Release March 17, 2006
EAN/UPC: 705304654125
Traumton CD: 4488
Lineup
Kalle Kalima: guitar Chris Dahlgren: bass Eric Schaefer: drums
Info / Info english
Johnny La Marama – Johnny La Marama – … Fire!
Es war einmal oder vielleicht war es auch nicht. Womöglich passiert es auch gerade jetzt. Jedenfalls irgendwann und irgendwo, vielleicht in Berlin, New York oder Gotham City schleicht ein windiger Typ von schalem Teint und verblichener Eleganz um die Ecken. Niemand hat ihn wirklich je gekannt, doch er ist in aller Munde.
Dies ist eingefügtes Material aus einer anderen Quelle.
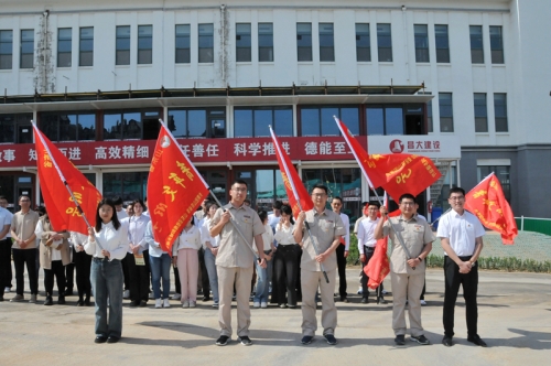 下午,在集團二建公司總承包施工的位于青州的濰坊工程職業學院新建學生公寓樓項目現場,舉行了全國、山東省、濰坊市三級青年文明號授旗儀式暨2023年度先進基層團組織頒獎儀式。兩支全國“青年文明號”、四支山東省“青年文明號”、兩支濰坊市“青年文明號”紅旗列列,彰顯光榮的歷史和突擊的力量;九個先進基層團組織獎牌生輝,昭示青春的燦爛和奮斗!
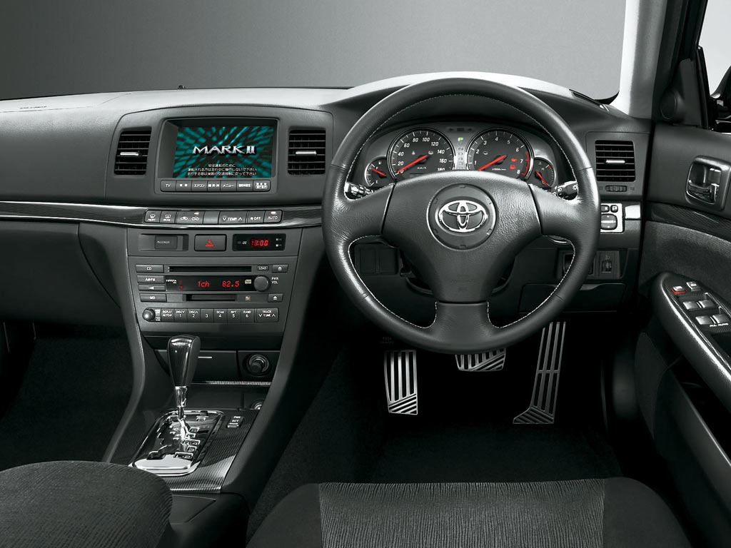 Как известно, семейство автомобилей Mark II подошло к такой точке своего развития, когда должно было появиться на свет уже десятое поколение. Было решено в ознаменование этого события внести изменение в название и заменить порядковый номер II номером Х (латинские цифры). Эта новая модель заняла своё место в ценовой категории «выше среднего». Она выполнена на общей с моделью Toyota Crown платформе, оснащается шестицилиндровым V-образным двигателем с рабочим объемом 3 либо 2.5 литра. К двигателям прилагается 6-ступенчатая коробка передач типа Super ECT, в которой предусмотрен режим ручного переключения. Если учитывать то обстоятельство, что нынешняя модель выпущена в развитие модельного ряда Mark II, то выходит, это – первый случай, когда компания Тойота разрабатывает модель такого класса с 6-цилиндровым V-образным мотором. И еще, судя по всему, было решено не ограничиваться формальной заменой «двойки» на «десятку», а пойти далее и выбрать для новой машины до этого невиданный внешний вид. Чтобы убедиться в правдивости подобного утверждения достаточно только взглянуть на переднюю часть машины, на то место, где прямо из-под бампера и вплоть до капота тянется рельефная линия в виде буквы V. Затем нужно глянуть на 3-х секционные передние фары, затем обойти машину сзади, чтобы открылся вид на выхлопную трубу, расположенную под массивным задним бампером. Все это стоит увидеть. А затем сесть в салон, наполненный кожаными, металлическими и деревянными элементами, в частности, оценить среднюю консоль передней панели. И только тогда поймешь, что это такое, качество отделки, как его понимают дизайнеры компании Тойота! Автомобиль спортивной комплектации «S package» оборудован 18-дюймовыми алюминиевыми колесными дисками и тормозами спортивного типа, специально перенастроенной подвеской, аэродинамическими деталями кузова и прочими «приятностями». Стоит заметить, что система полного привода (4WD) устанавливается только на модификацию с 2.5-литровым мотором и 5-ступенчатой автоматической коробкой передач.
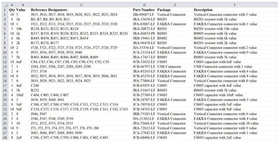 Example of a BOM structure. Each row corresponds to a unique component, with columns specifying its characteristics.
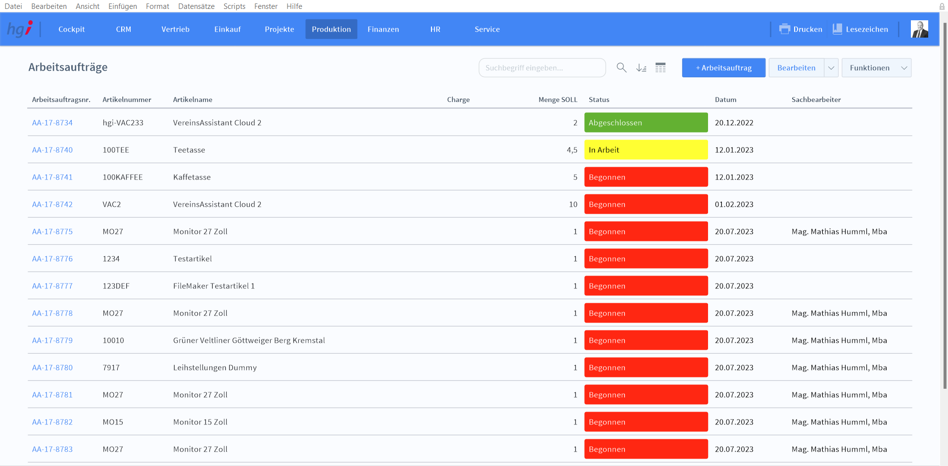 Die für die Herstellung erforderlichen Arbeitsanweisungen können ausgedruckt werden. Nach Fertigstellung und Rückmeldung des Arbeitsauftrags als abgeschlossen, werden die Stücklistenartikel vom Bestand abgezogen und die fertiggestellten Produkte dem Lagerbestand hinzugefügt.
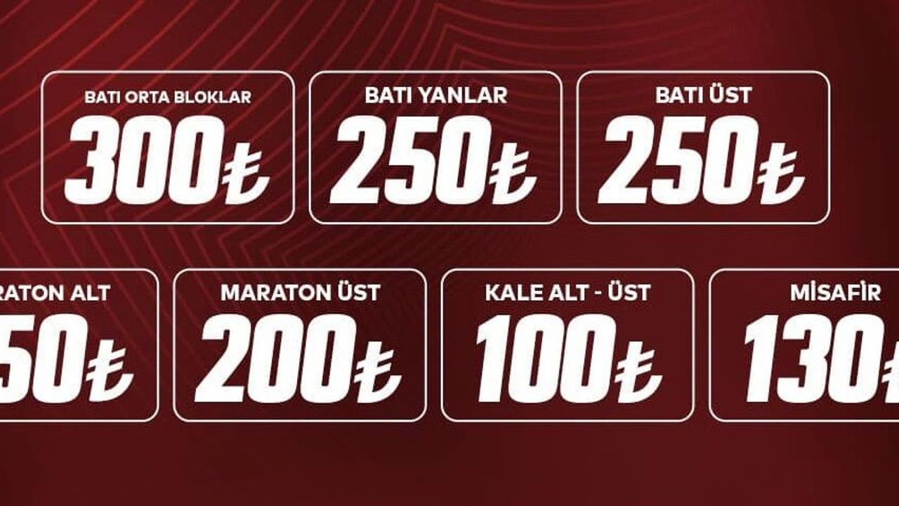 Karşılaşmanın bilet fiyatları şöyle:
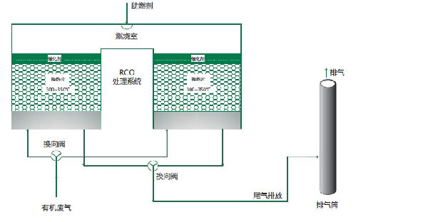 RCO處理工藝主要分為三個部分:催化劑載體吸附廢氣成分------廢氣成分與活性物質在催化劑表面進行反應-----反應產物從催化劑表面脫附
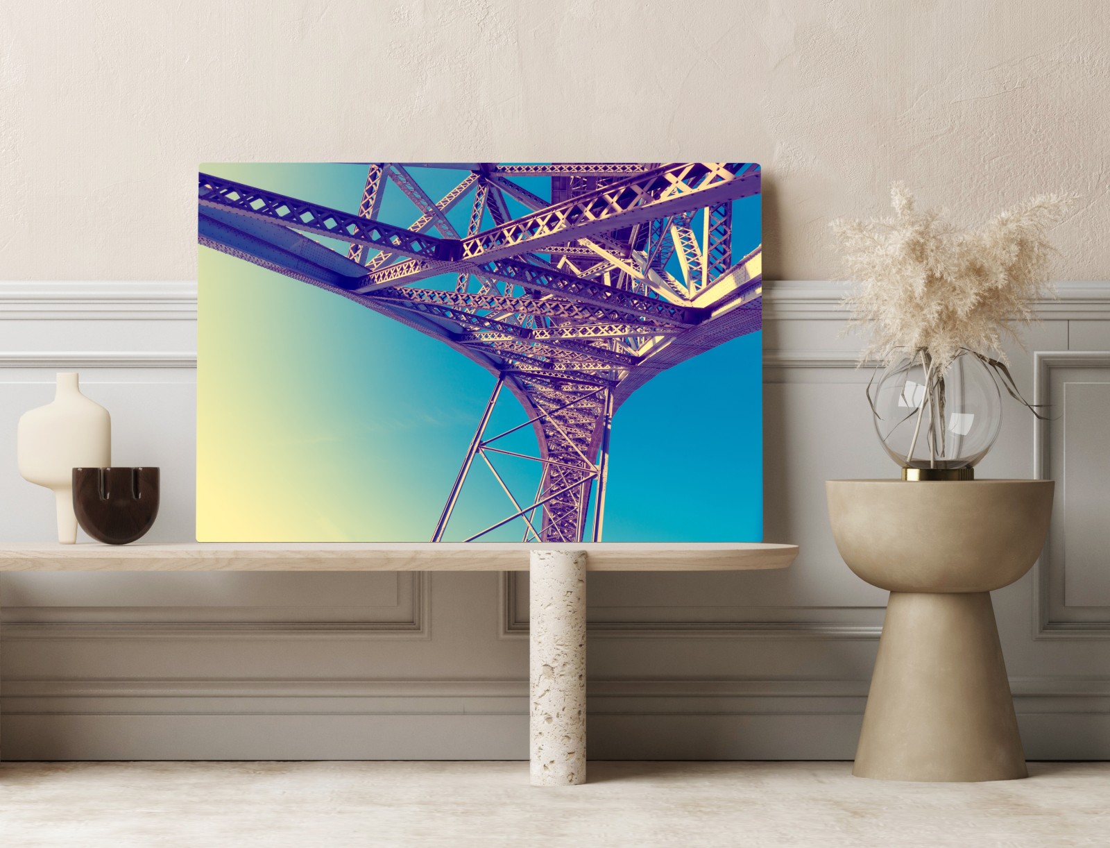 Obraz na płótnie Abstrakcyjna stalowa konstrukcja mostu w perspektywie

Den Kragen ins Gesicht gezogen, eine Nelke im Revers, lebt er in seiner eigenen Welt, zieht er seine eigenen Spuren und Kreise. Johnny La Marama, ein Gangster aus Leidenschaft, ein Ganove mit der Tendenz, sich stets ins eigene Knie zu schießen. Ein Halbwelt-Leguan, der nach geglücktem Banküberfall den Schlüssel seines Fluchtautos nicht findet, im Jaulen der Polizeisirenen geschnappt wird und nur deshalb kurz darauf fliehen kann, weil er bei einer Evakuierung des Kittchens vergessen wird.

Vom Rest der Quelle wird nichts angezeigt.